Primary Patency Needed?
Following the presentation of the results, discussant D. Christopher Metzger, MD (Wellmont CVA Heart Institute, Kingsport, TN), questioned if primary patency was measured at all in SAFE-DCB.
“Yes. The primary patency was an addendum to the protocol, [but] there was only a smaller percentage of patients who ended up actually adhering to receiving the patency analysis at 1 year,” Shammas replied. “There were about 500 patients who didn't have a duplex ultrasound at 1 year, and this is currently being looked at and hopefully we'll be able to provide that data.”
Additionally, Metzger said, “you reported that 200 were lost to follow-up at 1 year—that was more than 20% of the patient population lost to follow-up at 1 year—and then even worse, 50% got their duplex analysis and then the report is freedom from TLR, which to me is a nebulous thing. It means either the patient didn't want another procedure or the doctor didn't want to do another procedure, and we lost at least 20% of the patients. So how comfortable are we with that? You can put a chart up that says 89% freedom from TLR, but we lost a lot and freedom from TLR does not mean freedom from restenosis as you know.”
“Absolutely,” Shammas replied. “Freedom from TLR, I completely agree, is not the strongest hard endpoint we can use. Patency would have been a lot [better], but that’s how the study was designed initially. When we realized that patency should be there, it was incorporated in the protocol.”
Panelist Mehmet Cilingiroglu, MD (Arkansas Heart Hospital, Little Rock), said that he is currently serving as PI of the DIAMOND-PAD study, which is using optical coherence tomography—not ultrasound—to image PAD patients with moderate to severe calcification before and after treatment with the Diamondback Orbital Atherectomy System (CSI). “So the things that you are describing—how do they evolve, how the plaque really happens—we already enrolled 20 patients, and it will be very interesting [to see the results],” he said. “We also want to know what happens to DCB that have dissections at 1 year.”

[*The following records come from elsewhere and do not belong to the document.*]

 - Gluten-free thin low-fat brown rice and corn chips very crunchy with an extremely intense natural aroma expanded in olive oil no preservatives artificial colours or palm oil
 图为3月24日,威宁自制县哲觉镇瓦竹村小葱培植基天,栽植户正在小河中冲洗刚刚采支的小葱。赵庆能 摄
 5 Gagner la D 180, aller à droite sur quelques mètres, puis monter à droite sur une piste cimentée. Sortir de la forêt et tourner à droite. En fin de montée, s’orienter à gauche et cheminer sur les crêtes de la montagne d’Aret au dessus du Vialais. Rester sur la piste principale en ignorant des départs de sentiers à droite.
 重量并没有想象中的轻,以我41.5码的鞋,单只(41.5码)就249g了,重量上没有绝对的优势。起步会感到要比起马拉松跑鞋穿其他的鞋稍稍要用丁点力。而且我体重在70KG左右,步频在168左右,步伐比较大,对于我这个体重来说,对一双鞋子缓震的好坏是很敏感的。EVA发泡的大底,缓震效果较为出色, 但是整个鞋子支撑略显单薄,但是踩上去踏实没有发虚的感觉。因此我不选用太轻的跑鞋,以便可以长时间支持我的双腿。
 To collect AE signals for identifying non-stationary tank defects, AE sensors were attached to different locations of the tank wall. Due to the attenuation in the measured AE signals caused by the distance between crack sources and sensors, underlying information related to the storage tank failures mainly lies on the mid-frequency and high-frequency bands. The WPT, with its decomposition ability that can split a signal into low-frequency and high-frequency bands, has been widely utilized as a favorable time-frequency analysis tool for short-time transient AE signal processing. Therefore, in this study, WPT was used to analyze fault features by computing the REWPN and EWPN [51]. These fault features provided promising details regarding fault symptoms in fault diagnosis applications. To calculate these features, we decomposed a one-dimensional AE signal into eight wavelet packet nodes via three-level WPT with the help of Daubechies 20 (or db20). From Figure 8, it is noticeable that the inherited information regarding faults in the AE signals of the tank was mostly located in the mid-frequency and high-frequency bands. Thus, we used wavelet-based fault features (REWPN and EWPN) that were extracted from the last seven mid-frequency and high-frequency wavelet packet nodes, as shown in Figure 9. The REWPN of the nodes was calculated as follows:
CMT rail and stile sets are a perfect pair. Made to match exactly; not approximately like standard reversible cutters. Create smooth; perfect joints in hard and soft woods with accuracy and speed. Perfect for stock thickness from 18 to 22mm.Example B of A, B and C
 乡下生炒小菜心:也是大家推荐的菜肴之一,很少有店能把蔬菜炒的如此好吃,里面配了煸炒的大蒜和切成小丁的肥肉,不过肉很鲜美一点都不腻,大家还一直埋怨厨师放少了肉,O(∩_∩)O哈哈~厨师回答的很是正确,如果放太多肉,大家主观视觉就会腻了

Shammas agreed that “it’s very hard to see what happens inside the vessel” in their IVUS-based analyses compared with angiographic readings. “In fact, when you do the IVUS, we had about four to six times more dissections than we've seen in an angiogram,” he said.

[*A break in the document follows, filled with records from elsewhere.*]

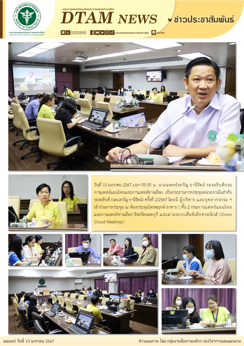 วันที่ 15 มกราคม 2567 เวลา 09.30 น. นายแพทย์เทวัญ ธานีรัตน์ รองอธิบดีกรม การแพทย์แผนไทยและการแพทย์ทางเลือก เป็นประธานการประชุมหน่วยงานในกำกับ รองอธิบดี (นพ.เทวัญ ธานีรัตน์) ครั้งที่ 2/2567 โดยมี ผู้บริหาร และบุคลากรกรม ฯ เข้าร่วมการประชุม ณ ห้องประชุมไพรพฤกษ์ อาคาร 1 ชั้น 2 กรมการแพทย์แผนไทยและการแพทย์ทางเลือก จังหวัดนนทบุรี และผ่านระบบสื่ออิเล็กทรอนิกส์ (Zoom Cloud Meetings)
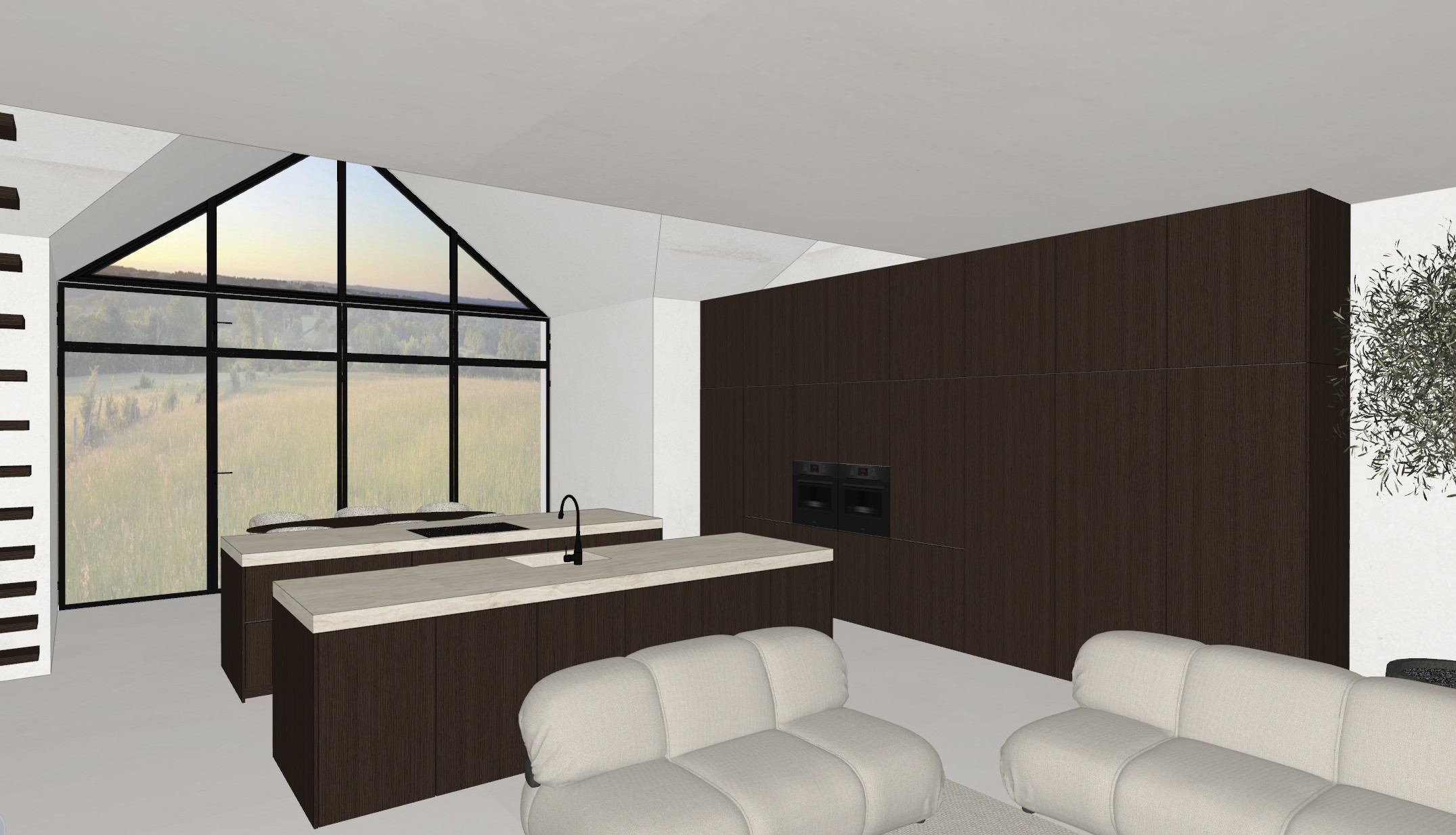 beautiful luxury dark veneered kitchen with a thick travertine worktop the floor is a light warm cement and the general vibe is japandi
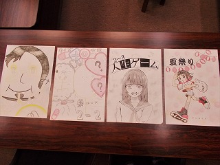 10/13(水)に予定しています文化祭「各クラス催し物」のポスターが、各クラスから届けられました。CGを使ったものや鉛筆で繊細に描かれたものなど、どのクラスのポスターも工夫が凝らしてありました。
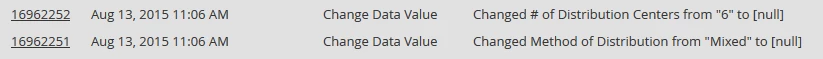 I have no idea why these fields would be reset - this does not happen with fields other than those we're including in these forms. Any ideas as to why there would be a systematic reset of these fields!?! I'm stumped. Here's what the action log looks like:
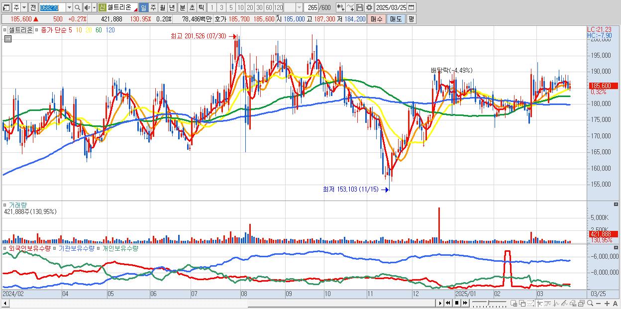 - 셀트리온 (186,000원 ▲ 0.49% , 시총: 398,241억, 외국인 순매수 거래금:90억)
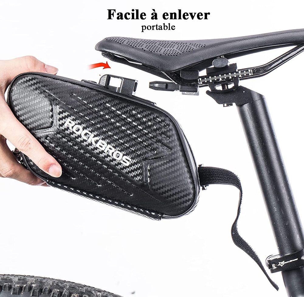 La sacoche est fixée sous le siège de vélo par le dispositif de dégagement rapide, et le sac est attaché au cadre du vélo avec la sangle collante. Il ne faut qu'une minute pour retirer le sac.

Panelist Gunnar Tepe, MD (Hospital of Rosenheim, Germany), commented on the “really striking” high rate of atherectomy in SAFE-DCB as well as the fact that vessel preparation, which is talked about “all the time,” didn’t have any effect on the primary efficacy endpoint. “Do you have an explanation for that?” he asked.
It’s possible that vessel preparation gives the most bang for its buck in complex lesions and that SAFE-DCB didn’t include enough of these complex lesions to demonstrate the value of atherectomy, Shammas answered. “When you translate vessel prep into simpler lesions, shorter lesions, or a lot less CTO, or a lot less calcification, you may not get the exact benefit that you really want to see from the vessel prep,” he said. “This is how we designed the JET-RANGER study; we designed it purely for very complex disease, long lesions, CTOs, and severe calcification because we believe the value of vessel prepping is really predominantly in these complex lesions. I don't think we have that complex lesion subset here that may reflect the value of atherectomy at this point.”

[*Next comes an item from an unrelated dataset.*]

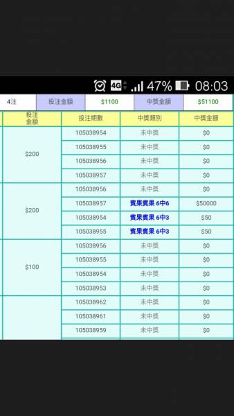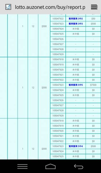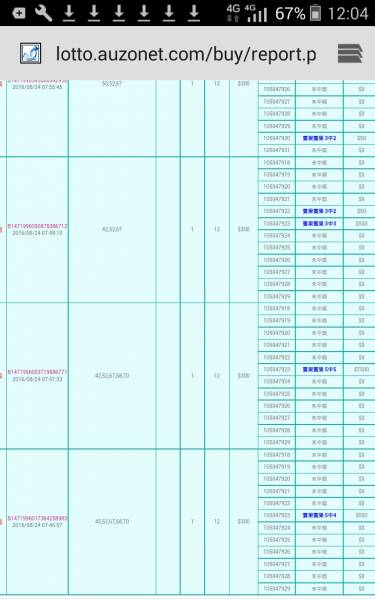 當初的投注資料 已經被洗掉了因為奧索只保留一個月 這是我當時用手機截圖的 我記得投注的號碼是九尾的...09*19*29*39*49*59 因為是中六星所以印像很深刻
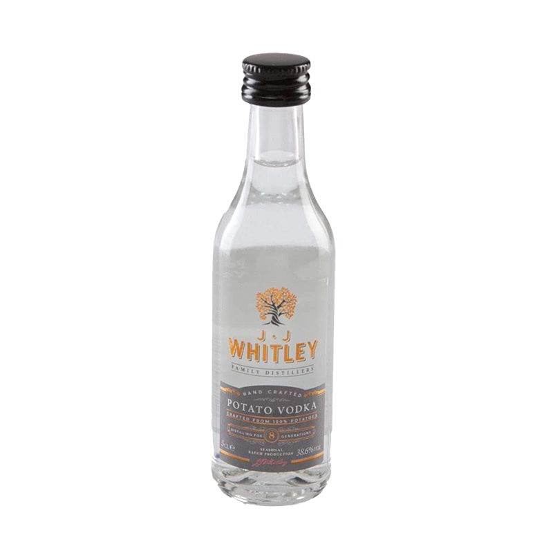 JJ Whitley Potato Vodka Miniatures JJ Whitley Potato Vodka miniature is a smooth and creamy vodka made from potatoes. The taste has been characterised as complex with undeniable earthiness from the first sniff to the last sip. The palate is made even more gratifyingly complex with the fresh hints of white grape and mint, and finishes with the spiciness of black peppers. It leaves the palate with the crispiness, slightly sour taste of green apples which lingers on together with the warming effect of vodka. Made with 100% natural potatoes, JJ Whitley vodka miniatures are also recommended for creating classic vodka-based cocktails and are specially suggested by its makers, Halewood International, to add a superb taste to an, otherwise, usual serving of martini. This potato vodka also makes great presents for the holidays, birthdays and what not. Other potato vodka drinks you might want to try for your own personal enjoyment or, for toasting with friends are bloody mary, pink lemonade slushies, and white Russian. Curious to try how a JJ Whitley Potato Vodka 5cl tastes? Go for a 5cl small bottle for sampling. Simply add to regular juices, soda or tonic. Add crushed ice to chilled vodka and enjoy best with ginger ale, grapefruit juice or lemonade.

Shammas NW. Lutonix paclitaxel-coated balloon to treat obstructive lesions in the superficial femoral and popliteal arteries: 12-month results from the SAFE-DCB study. Presented at: CRT 2019. March 5, 2019. Washington, DC.
- Shammas reports receiving research and educational grants from Bard, Boston Scientific, Intact Vascular, and VentureMed Group; serving on the advisory board of Intact Vascular; and serving on the speakers bureau for Boston Scientific, Janssen, Boehringer Ingelheim, Novartis, Intact Vascular, and Bard.